WORK TASK =>
Copy out the entries below exactly as they stand, but only from the line containing "Переделала обложку готового" through the line containing "taotleb õiglust ja".
*** Opening of DATASET ENTRIES ***
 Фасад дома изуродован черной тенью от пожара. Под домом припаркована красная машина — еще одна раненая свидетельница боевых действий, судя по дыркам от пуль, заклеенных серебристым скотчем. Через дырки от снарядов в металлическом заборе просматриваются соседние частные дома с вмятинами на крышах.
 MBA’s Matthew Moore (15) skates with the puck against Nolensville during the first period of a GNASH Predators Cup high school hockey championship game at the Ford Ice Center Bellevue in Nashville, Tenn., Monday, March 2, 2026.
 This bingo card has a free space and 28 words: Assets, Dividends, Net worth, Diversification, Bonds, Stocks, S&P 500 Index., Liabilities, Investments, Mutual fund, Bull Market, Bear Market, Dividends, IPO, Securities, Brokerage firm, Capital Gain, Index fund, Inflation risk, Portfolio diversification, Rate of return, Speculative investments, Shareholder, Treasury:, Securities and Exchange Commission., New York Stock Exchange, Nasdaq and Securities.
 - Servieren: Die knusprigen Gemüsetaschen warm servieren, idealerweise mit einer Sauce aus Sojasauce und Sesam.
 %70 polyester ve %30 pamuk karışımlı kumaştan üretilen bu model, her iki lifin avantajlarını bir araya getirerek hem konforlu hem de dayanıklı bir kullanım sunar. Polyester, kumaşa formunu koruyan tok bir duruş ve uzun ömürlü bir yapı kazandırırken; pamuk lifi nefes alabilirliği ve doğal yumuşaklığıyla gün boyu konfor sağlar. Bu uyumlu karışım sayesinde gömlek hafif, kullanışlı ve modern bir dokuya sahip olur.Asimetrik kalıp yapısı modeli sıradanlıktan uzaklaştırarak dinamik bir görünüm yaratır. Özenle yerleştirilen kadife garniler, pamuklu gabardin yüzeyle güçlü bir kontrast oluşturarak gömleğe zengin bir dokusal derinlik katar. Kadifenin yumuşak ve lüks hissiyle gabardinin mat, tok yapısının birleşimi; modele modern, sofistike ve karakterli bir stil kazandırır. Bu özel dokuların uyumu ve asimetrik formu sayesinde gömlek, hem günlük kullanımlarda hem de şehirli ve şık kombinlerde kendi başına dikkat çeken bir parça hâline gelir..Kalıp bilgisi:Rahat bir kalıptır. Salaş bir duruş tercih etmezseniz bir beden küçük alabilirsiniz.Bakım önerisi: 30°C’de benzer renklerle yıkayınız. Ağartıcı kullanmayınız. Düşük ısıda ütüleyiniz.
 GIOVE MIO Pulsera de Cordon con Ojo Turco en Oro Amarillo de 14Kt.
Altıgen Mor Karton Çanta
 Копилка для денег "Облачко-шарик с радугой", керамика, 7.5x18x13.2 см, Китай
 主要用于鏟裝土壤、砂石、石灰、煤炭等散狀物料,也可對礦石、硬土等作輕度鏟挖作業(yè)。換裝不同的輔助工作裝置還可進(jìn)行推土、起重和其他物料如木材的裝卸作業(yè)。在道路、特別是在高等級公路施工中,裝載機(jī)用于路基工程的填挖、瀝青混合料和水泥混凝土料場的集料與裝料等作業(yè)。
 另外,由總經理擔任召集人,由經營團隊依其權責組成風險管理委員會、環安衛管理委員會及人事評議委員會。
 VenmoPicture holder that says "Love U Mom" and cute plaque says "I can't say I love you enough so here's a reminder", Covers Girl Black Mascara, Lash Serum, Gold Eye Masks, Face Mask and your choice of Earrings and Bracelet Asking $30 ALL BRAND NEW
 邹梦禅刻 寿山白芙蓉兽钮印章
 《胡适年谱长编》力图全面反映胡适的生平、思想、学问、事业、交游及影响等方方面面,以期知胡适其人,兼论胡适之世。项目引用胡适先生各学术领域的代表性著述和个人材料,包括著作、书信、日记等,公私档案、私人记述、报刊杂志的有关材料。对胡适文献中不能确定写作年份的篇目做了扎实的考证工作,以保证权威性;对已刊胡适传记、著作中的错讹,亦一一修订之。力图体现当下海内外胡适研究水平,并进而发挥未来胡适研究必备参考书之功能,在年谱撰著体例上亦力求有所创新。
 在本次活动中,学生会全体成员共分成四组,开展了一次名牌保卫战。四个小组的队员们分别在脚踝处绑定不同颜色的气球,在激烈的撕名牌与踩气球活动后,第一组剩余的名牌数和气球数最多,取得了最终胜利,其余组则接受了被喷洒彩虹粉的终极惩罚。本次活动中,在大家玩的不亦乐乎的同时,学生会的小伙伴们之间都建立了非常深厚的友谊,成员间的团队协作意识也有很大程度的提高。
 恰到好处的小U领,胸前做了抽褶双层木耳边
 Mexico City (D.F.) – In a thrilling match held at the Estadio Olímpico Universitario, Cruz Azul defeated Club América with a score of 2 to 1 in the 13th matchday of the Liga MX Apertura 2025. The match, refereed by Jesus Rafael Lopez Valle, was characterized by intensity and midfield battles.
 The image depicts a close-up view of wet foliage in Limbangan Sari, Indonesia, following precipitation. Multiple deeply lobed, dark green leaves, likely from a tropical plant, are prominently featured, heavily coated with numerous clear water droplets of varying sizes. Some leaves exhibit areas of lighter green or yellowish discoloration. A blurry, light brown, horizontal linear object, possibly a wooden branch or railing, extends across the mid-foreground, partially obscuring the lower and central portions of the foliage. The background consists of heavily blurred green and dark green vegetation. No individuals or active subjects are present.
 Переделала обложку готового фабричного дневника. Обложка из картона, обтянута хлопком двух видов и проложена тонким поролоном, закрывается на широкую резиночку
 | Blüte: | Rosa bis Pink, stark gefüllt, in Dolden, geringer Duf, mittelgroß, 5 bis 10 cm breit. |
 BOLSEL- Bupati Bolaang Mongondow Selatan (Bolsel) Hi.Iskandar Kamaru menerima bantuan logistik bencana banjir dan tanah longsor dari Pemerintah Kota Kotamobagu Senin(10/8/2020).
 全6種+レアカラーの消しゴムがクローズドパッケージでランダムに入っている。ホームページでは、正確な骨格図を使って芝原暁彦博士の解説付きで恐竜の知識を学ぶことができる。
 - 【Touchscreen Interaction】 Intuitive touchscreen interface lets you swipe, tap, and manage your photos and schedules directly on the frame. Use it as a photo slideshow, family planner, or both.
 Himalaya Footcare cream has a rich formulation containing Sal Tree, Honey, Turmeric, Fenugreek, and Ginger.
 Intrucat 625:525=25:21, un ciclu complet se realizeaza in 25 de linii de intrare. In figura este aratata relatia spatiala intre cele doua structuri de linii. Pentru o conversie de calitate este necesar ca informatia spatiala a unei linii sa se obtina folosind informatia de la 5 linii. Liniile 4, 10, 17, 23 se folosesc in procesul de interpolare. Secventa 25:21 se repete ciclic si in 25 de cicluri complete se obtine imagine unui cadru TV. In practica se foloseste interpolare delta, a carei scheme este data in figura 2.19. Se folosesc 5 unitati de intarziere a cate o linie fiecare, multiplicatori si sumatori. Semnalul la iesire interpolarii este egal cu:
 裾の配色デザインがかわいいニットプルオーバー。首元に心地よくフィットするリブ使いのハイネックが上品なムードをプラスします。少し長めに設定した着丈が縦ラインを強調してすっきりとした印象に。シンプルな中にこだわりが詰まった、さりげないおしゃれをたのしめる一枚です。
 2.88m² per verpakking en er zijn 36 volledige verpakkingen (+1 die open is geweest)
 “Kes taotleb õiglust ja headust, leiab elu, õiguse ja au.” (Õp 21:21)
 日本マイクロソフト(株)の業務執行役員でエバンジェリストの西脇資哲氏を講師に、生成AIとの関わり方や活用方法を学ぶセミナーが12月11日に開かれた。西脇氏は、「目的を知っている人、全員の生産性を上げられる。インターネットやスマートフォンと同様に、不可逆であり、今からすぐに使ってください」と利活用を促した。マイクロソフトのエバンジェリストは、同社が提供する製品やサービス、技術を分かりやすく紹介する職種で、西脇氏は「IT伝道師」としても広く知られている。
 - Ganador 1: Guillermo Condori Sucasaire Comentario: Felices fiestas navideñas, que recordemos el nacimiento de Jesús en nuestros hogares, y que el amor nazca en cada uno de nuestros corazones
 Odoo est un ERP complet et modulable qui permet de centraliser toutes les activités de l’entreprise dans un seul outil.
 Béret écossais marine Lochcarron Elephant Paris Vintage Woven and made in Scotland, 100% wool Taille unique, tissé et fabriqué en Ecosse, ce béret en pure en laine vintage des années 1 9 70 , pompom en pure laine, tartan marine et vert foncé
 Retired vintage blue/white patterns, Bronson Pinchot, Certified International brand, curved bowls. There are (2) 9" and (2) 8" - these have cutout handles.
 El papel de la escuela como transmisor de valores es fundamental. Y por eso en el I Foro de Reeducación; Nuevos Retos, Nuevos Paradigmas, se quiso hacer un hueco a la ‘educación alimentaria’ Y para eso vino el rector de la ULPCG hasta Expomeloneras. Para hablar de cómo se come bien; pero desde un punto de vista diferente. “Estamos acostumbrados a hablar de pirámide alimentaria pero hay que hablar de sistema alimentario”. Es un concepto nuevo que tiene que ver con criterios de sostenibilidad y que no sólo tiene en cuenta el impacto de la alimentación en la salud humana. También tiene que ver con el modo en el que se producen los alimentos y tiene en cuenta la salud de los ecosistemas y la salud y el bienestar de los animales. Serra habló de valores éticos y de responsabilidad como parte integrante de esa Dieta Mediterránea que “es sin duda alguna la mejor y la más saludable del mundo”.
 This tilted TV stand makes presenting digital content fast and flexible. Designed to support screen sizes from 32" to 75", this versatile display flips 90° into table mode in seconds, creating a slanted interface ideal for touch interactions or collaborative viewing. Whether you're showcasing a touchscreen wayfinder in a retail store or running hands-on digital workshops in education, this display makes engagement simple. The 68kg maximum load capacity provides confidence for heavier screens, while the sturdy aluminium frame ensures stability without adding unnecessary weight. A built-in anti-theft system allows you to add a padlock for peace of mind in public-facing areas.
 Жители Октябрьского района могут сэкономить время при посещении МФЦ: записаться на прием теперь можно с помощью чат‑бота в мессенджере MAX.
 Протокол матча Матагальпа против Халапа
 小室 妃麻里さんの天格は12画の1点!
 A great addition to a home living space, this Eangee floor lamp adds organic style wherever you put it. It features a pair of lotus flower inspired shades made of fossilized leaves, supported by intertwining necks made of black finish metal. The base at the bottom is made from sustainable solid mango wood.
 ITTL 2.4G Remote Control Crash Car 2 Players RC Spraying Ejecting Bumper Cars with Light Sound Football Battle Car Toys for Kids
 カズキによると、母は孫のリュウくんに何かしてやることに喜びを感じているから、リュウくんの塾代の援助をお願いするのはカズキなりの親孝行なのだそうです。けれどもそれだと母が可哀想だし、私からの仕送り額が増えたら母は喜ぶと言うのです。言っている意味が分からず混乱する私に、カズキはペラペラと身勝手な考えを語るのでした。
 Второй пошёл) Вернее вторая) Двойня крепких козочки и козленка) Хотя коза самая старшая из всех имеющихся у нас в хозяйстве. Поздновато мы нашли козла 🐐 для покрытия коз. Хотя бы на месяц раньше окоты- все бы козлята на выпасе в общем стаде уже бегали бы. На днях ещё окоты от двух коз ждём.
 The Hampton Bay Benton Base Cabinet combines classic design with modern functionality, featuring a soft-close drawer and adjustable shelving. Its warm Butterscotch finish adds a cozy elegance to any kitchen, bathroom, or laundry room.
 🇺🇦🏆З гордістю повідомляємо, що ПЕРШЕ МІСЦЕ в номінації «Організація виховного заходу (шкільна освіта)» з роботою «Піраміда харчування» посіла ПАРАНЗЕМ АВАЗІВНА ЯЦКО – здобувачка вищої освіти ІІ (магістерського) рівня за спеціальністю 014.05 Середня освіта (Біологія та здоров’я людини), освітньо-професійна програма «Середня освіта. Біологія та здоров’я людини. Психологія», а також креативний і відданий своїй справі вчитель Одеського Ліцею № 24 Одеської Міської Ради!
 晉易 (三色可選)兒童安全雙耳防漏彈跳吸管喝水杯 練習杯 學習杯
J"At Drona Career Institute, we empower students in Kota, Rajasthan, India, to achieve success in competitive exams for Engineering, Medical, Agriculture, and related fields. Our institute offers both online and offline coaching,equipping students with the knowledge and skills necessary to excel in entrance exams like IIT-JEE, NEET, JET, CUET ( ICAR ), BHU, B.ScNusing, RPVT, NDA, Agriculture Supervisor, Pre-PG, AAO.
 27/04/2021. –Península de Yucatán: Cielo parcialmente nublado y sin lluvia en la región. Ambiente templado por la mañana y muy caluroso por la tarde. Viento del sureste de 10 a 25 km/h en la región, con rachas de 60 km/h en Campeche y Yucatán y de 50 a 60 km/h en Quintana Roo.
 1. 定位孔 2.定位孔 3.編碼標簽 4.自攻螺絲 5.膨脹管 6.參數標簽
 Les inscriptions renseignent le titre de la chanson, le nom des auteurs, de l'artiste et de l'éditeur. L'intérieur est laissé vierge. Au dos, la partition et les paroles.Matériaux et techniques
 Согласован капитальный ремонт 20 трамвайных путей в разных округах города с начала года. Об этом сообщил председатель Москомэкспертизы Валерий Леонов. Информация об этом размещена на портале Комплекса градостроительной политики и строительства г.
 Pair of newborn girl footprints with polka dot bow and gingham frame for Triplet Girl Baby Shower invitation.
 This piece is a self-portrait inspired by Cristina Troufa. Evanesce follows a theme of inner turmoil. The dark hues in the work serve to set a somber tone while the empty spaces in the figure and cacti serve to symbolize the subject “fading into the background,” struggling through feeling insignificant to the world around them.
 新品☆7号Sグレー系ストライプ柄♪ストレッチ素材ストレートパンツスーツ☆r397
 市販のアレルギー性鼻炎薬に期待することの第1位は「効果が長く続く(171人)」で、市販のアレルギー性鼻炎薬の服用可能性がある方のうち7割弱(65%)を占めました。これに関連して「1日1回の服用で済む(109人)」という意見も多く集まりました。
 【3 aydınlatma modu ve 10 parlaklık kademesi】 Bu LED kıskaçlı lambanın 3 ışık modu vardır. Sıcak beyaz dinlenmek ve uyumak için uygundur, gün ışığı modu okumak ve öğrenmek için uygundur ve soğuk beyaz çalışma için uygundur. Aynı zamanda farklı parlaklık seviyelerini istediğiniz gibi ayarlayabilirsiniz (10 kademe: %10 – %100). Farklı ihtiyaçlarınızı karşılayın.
*** Close of DATASET ENTRIES ***
WORKED SOLUTION =>
 Переделала обложку готового фабричного дневника. Обложка из картона, обтянута хлопком двух видов и проложена тонким поролоном, закрывается на широкую резиночку
 | Blüte: | Rosa bis Pink, stark gefüllt, in Dolden, geringer Duf, mittelgroß, 5 bis 10 cm breit. |
 BOLSEL- Bupati Bolaang Mongondow Selatan (Bolsel) Hi.Iskandar Kamaru menerima bantuan logistik bencana banjir dan tanah longsor dari Pemerintah Kota Kotamobagu Senin(10/8/2020).
 全6種+レアカラーの消しゴムがクローズドパッケージでランダムに入っている。ホームページでは、正確な骨格図を使って芝原暁彦博士の解説付きで恐竜の知識を学ぶことができる。
 - 【Touchscreen Interaction】 Intuitive touchscreen interface lets you swipe, tap, and manage your photos and schedules directly on the frame. Use it as a photo slideshow, family planner, or both.
 Himalaya Footcare cream has a rich formulation containing Sal Tree, Honey, Turmeric, Fenugreek, and Ginger.
 Intrucat 625:525=25:21, un ciclu complet se realizeaza in 25 de linii de intrare. In figura este aratata relatia spatiala intre cele doua structuri de linii. Pentru o conversie de calitate este necesar ca informatia spatiala a unei linii sa se obtina folosind informatia de la 5 linii. Liniile 4, 10, 17, 23 se folosesc in procesul de interpolare. Secventa 25:21 se repete ciclic si in 25 de cicluri complete se obtine imagine unui cadru TV. In practica se foloseste interpolare delta, a carei scheme este data in figura 2.19. Se folosesc 5 unitati de intarziere a cate o linie fiecare, multiplicatori si sumatori. Semnalul la iesire interpolarii este egal cu:
 裾の配色デザインがかわいいニットプルオーバー。首元に心地よくフィットするリブ使いのハイネックが上品なムードをプラスします。少し長めに設定した着丈が縦ラインを強調してすっきりとした印象に。シンプルな中にこだわりが詰まった、さりげないおしゃれをたのしめる一枚です。
 2.88m² per verpakking en er zijn 36 volledige verpakkingen (+1 die open is geweest)
 “Kes taotleb õiglust ja headust, leiab elu, õiguse ja au.” (Õp 21:21)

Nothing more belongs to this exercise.